When you apply the new settings, we also recommend activating Short Query Acceleration and Concurrency Scaling.

Even with proper queue configuration, some queries within a queue take longer to execute, and may block other short-running queries during peak volume. By using Short Query Acceleration, Redshift will route the short queries to a special “SQA queue” for faster execution.

Concurrency Scaling for Amazon Redshift gives Redshift clusters additional capacity to handle bursts in query load. It works by off-loading queries to new, “parallel” clusters in the background. Queries are routed based on your WLM configuration and rules.

Redshift WLM Queues: Finding the Right Slot Count and Memory Percentage

With your new WLM configuration, and SQA and Concurrency Scaling enabled, all that’s left now is to find the right slot count and memory percentage for your queues.

Unfortunately, that process can feel a little bit like trying to look into a black box.

AWS provides a repository of utilities and scripts for querying the system tables (STL tables and STV tables). The scripts help you to find out e.g. what the concurrency high-water mark is in a queue, or which queries fall back to disk.
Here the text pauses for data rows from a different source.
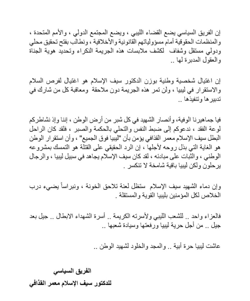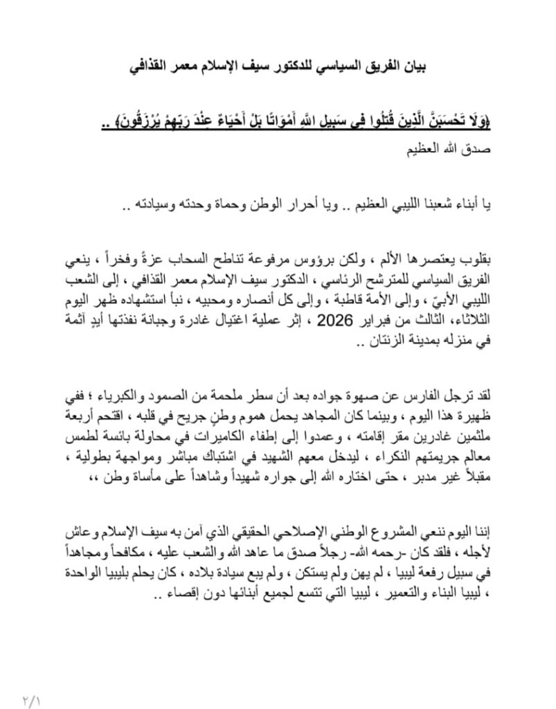 وأكد البيان أن الدكتور سيف الإسلام “ترجل فارساً بعد أن سطر ملحمة من الصمود والكبرياء”، مشيراً إلى أن اغتياله يمثل ضربة لمشروعه الوطني الإصلاحي الذي كان يسعى من خلاله إلى بناء ليبيا موحدة تتسع لجميع أبنائها.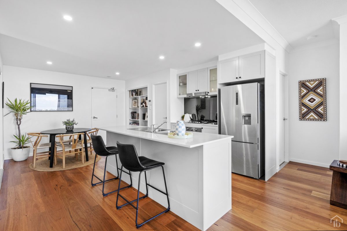 The gourmet kitchen is a chef’s delight, with sleek stone benchtops, quality appliances, and ample storage. The master suite is a private retreat with walk-in robe, ensuite, and direct balcony access. The second bedroom includes a built-in robe and sits adjacent to the main bathroom and integrated laundry.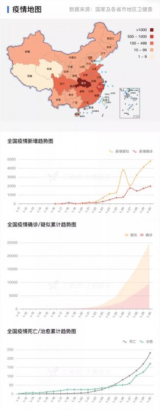 截止1月31日,国内确诊病例达9810例,疑似15238例,死亡213例,治愈183例。疫情较前几日趋于严重,死亡及治愈人数均上升。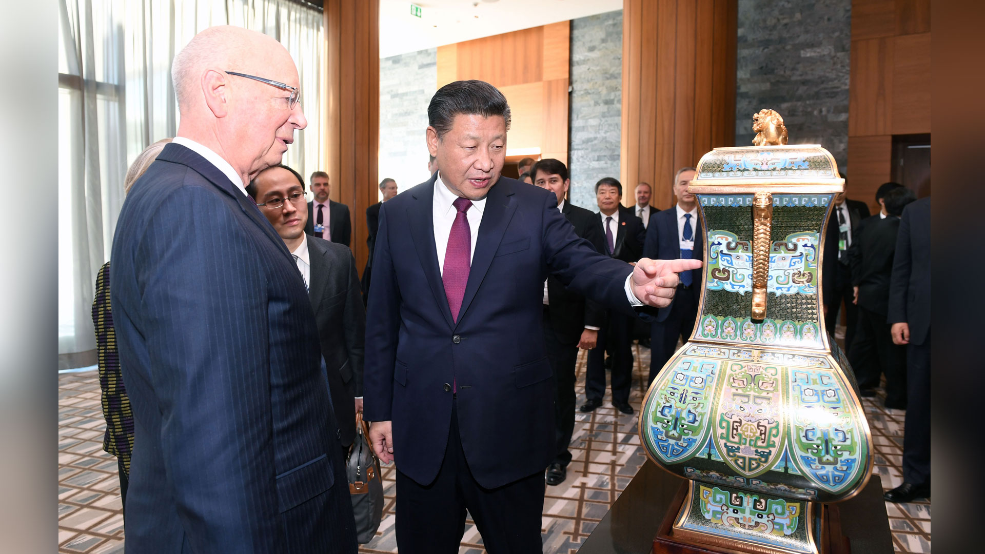 1月17日,國家主席習近平在瑞士達沃斯會見世界經(jīng)濟論壇主席施瓦布。這是習近平向施瓦布介紹中華人民共和國贈送給世界經(jīng)濟論壇的四面方尊。新華社記者 饒愛民 攝2017-01-18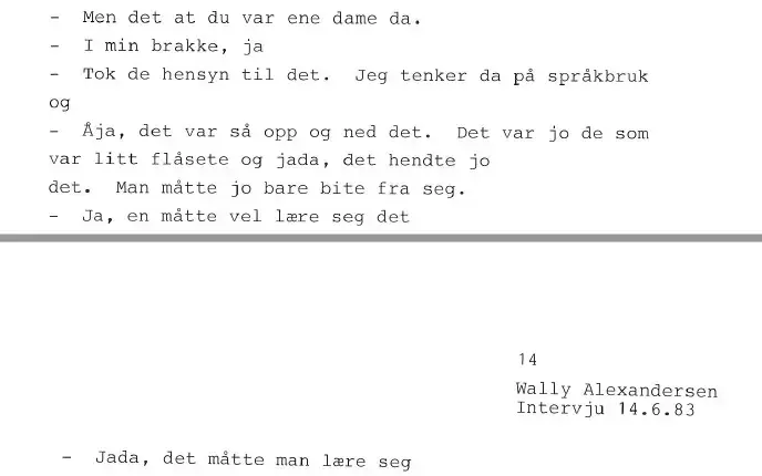 Utdrag fra intervju med Wally Alexandersen (f. 1916). Intervju gjort 14.6.83 Side 14
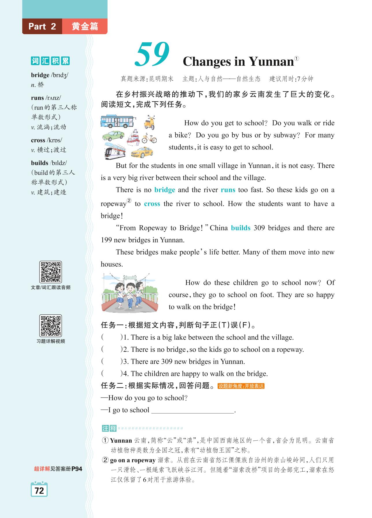 六年级英语阅读超详解 Part 2 黄金篇:59 Changes in Yunnan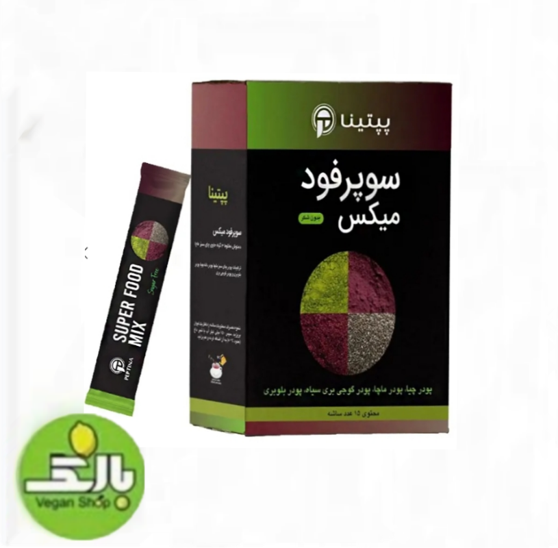 سوپر فود میکس پپتینا ترکیبی از پودرهای ماچا ، بلوبری ، گوجیبری سیاه و دانه چیا است که میتواند به کاهش وزن ، تقویت پوست و مو ، کاهش فشار خون و متعادل کردن قند خون و محافظت از کبد کمک کند. این مکمل سرشار از انواع ویتامین ، مواد معدنی ، آنتی اکسیدان ، بیوفلاونید و آنزیمهای مفید برای بدن است بطوریکه مصرف روزانه این موادغذایی در برنامه رژیم غذایی همه ضروری است.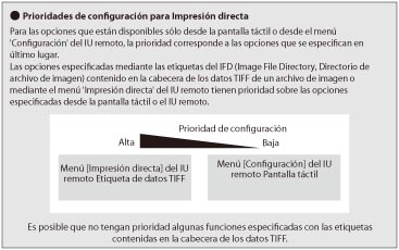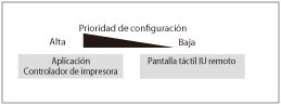 En el caso de las opciones que están disponibles sólo desde la pantalla táctil o la IU remota, la prioridad corresponde a las opciones que se especifican en último lugar.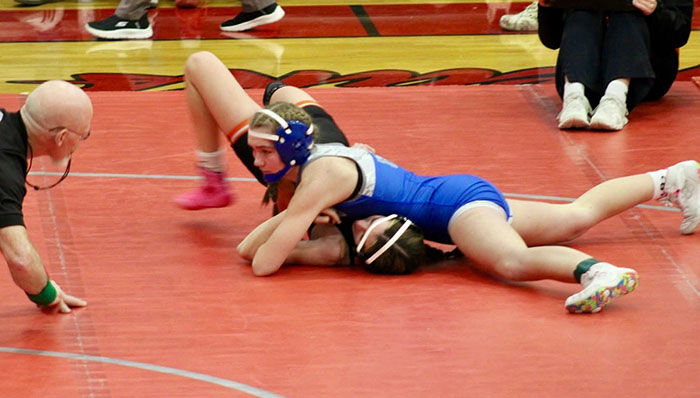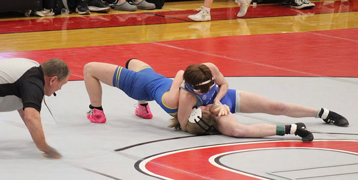 136 – Addison Hillukka (26-14) So., WDC over Makya Oehrlein (14-11) Fr., NYM (F 3:01), Makya Oehrlein (14-11) Fr., NYM over Ella Mickelson (7-9) So., WCAA (F 3:23), Makya Oehrlein (14-11) Fr., NYM over Annabella Holmes (9-12) Jr., EDPR (F 1:24)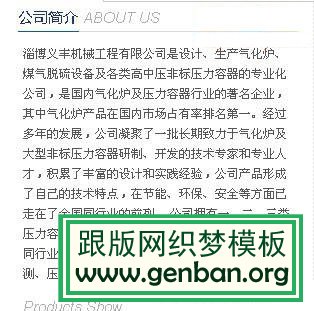 (1)以公司简介栏目为例,网站首页会有显示公司简介的板块,在对应板块位置,输入如下代码: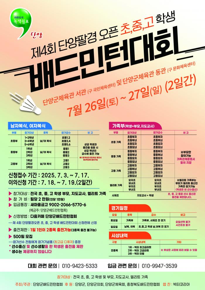 일요일 단양군체육관-동관(구 문화체육센터)에서 진행합니다.
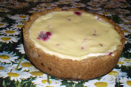 выложи тесто в форму с бортиками. затем творог, сверху любые ягоды, и залей заливкой: сметана + пара яиц + ванильный сахар+ обычный сахар.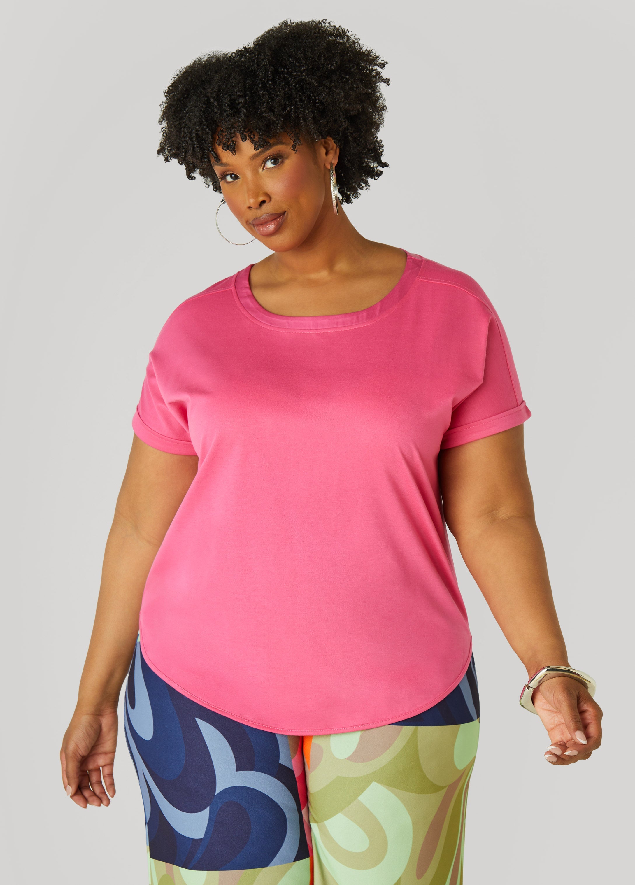 Our French terry tee features a relaxed, box fit, casually cuffed sleeves & a dash of glam along the satin trims.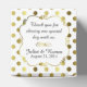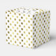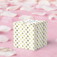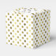 Caixa de favorecimento elegante feita em um padrão de bolinhas de tom dourado, num fundo branco. O topo da caixa tem uma placa decorativa de ouro e texto branco, com texto preto personalizado pronto para personalizar. Uma caixinha adorável para doces e qualquer outra coisa que queiras dar aos teus convidados.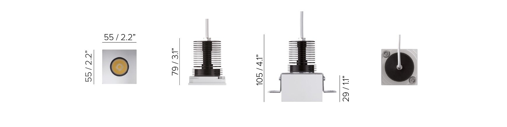 • 24V DC: features an onboard DC driver that ensures overcurrent protection and it is not polarity sensitive. Electronic control of operating temperature through a thermal sensor that detects overheat and, by self-regulating the current, reduces the LED power. This feature guarantees that the luminaire will last in time with ambient temperature up to 140°F

There are three potential challenges, though, with using these AWS scripts:

  1. Scripts can be incomplete: Some of the information is ephemeral, as Redshift deletes logs on a rolling basis. If you don’t run the script at the right time, the information is gone.
  2. Scripts increase cluster load: Because you’re querying the system tables, you’re putting more load on the system—exactly the opposite of what you want to do when you’re experiencing contention.
  3. Scripts require maintenance: Scripts need to run and store the results. It’s almost like building another application. That requires money and the use of your most valuable resource—engineering hours.